Part of the appeal of the topioc is that it applies to k-8 as much as 9-12 and undergrad
k-8 is the big, important audience right now in [my state], because mandates are kicking in this coming september, and every school needs to provide CS to every student.
Some of that K-8 stuff scares me. I would much rather see programming taught as an adjunct to other subjects (science, say) than as something job oriented. I think the goal should not be professional programmers, but people who can program in support of other things.
A lot of 9-12 too, actually.
If everyone on the planet is a "programmer" then we are all doomed. The world is too complex for that.
Well, when you get a definite answer, please post it as an Answer to my recent, ill-fated Question. I think it's time for me to quit the post of "Teach About the Machine Up-front" Officer.
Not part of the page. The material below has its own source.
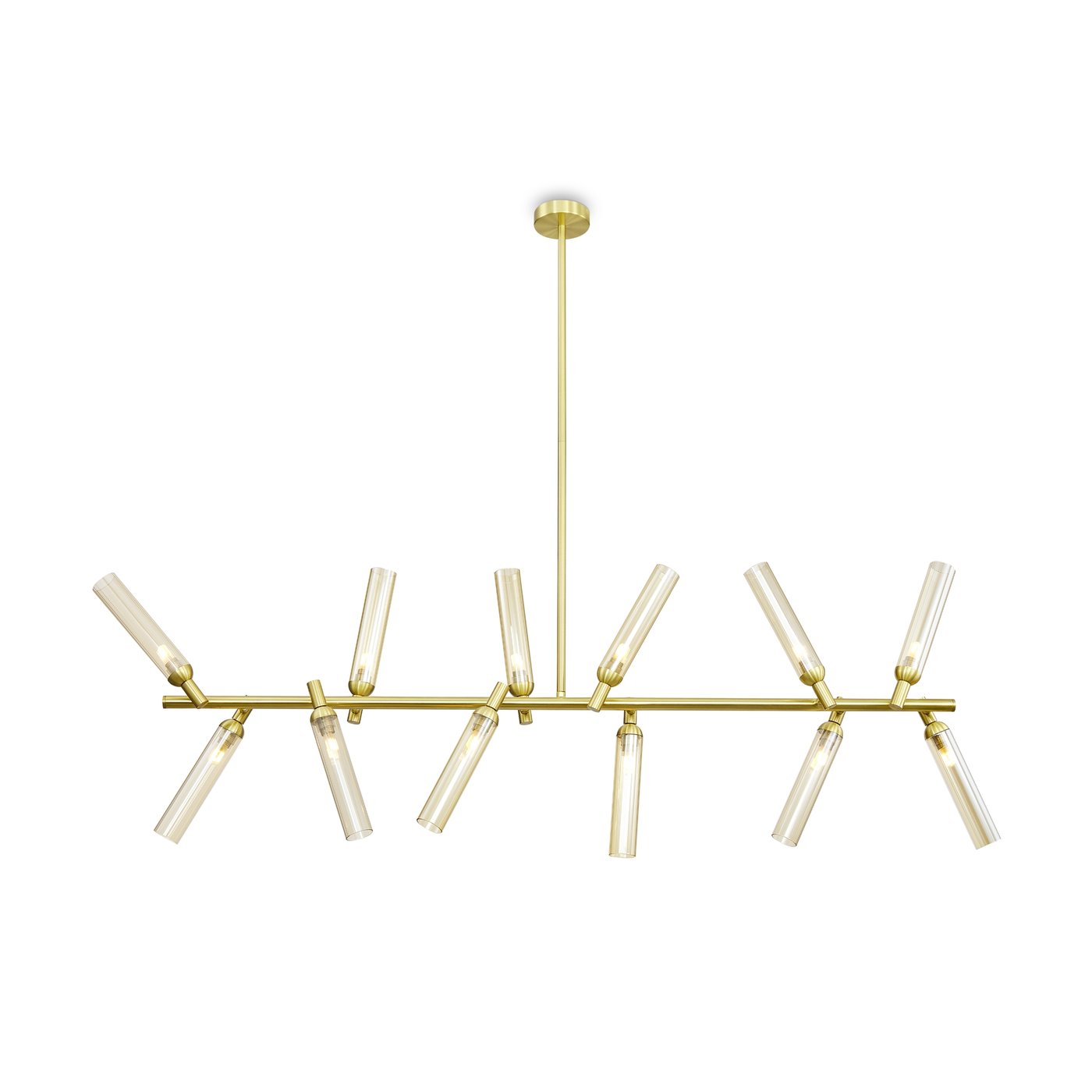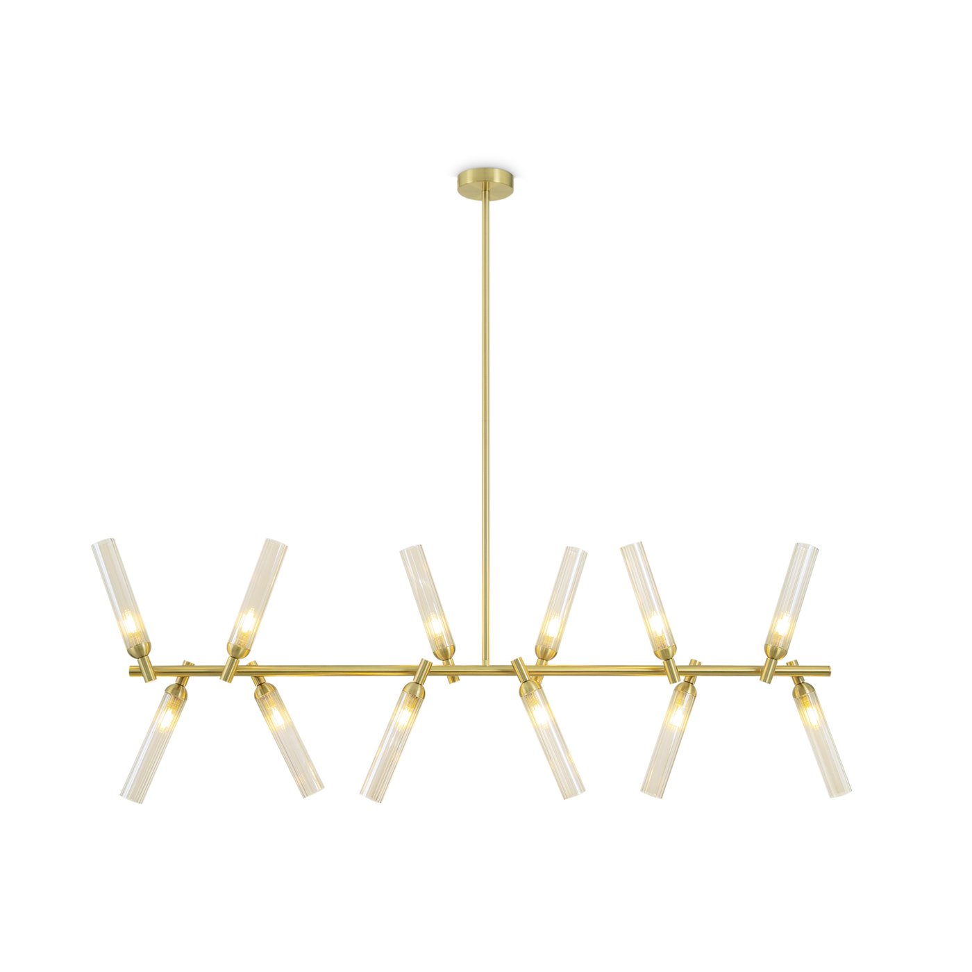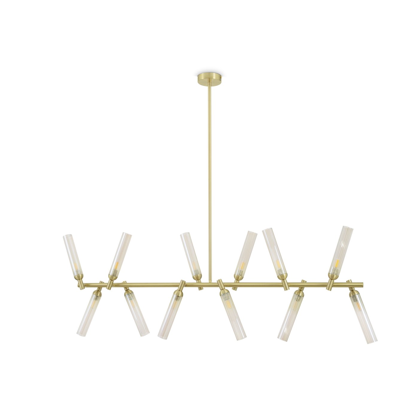 Подвесной светильник собран как вытянутая горизонтальная композиция на тонкой штанге, где двенадцать рельефных стеклянных плафонов расходятся под разными углами и работают как отдельные световые точки. В модели Freya из коллекции Borgy плафоны закреплены на металлических узлах, поэтому свет распределяется не одним пятном, а «рассыпается» по комнате и хорошо читается в пространстве. Такой подвес удобен над обеденным столом или кухонным островом: когда человек двигает рукой по поверхности, блики от янтарного стекла становятся мягче, а тени — менее резкими. За счёт трендовой фактуры ZIGZAG плафоны частично экранируют источник и уменьшают прямую слепимость, поэтому подвес можно использовать как основной свет в зоне общения. Конструкция рассчитана на 12 ламп с цоколем G9, что позволяет подобрать нужную цветовую температуру и яркость под задачу без привязки к встроенному LED. Регулировка высоты помогает точно опустить свет на рабочую плоскость, а крепление на планку и IP20 рассчитаны на сухие жилые помещения.

Cheers!
@ScottRowe I'm not even necessarily against mentioning it close to the start, but I think whether or not it's helpful depends on your broader starting strategy.
If my goals and philosophies have led me to start with C or Pascal, it's actually a pretty good thing to mention near the beginning.
If I'm starting with Scratch with younger kids, it's more of a factoid that will probably not impact things much one way or another
If I'm starting with functional programming, it will probably actively interfere with the way they need to develop their thinking at the outset.
I guess I'd suggest that when you want to mention the processor level of abstraction would be more of a tactical question and less of a strategic one. Unless you have decided to start your exploration at the processor level, in which case, it's part of your strategy. But also, that's nuts :)
 
6 hours later…
22:24
@BenI. Yeah, I can't say much about young children, it's another world for me. When I was 18 and 19 my summer job was at a summer day camp - ages 3 to 13. I was with the older kids. I never had children (congratulations to you though), I figured someone else was more interested and could do a better job, like my relative who had eleven. I suppose I would adjust my teaching to the audience, if I still had teach.
I do resist the idea that whatever is taught first sets everything in stone. I think people are more flexible, if they want to be.
Good luck with the state mandate for CS in all grades. I hope it goes really well!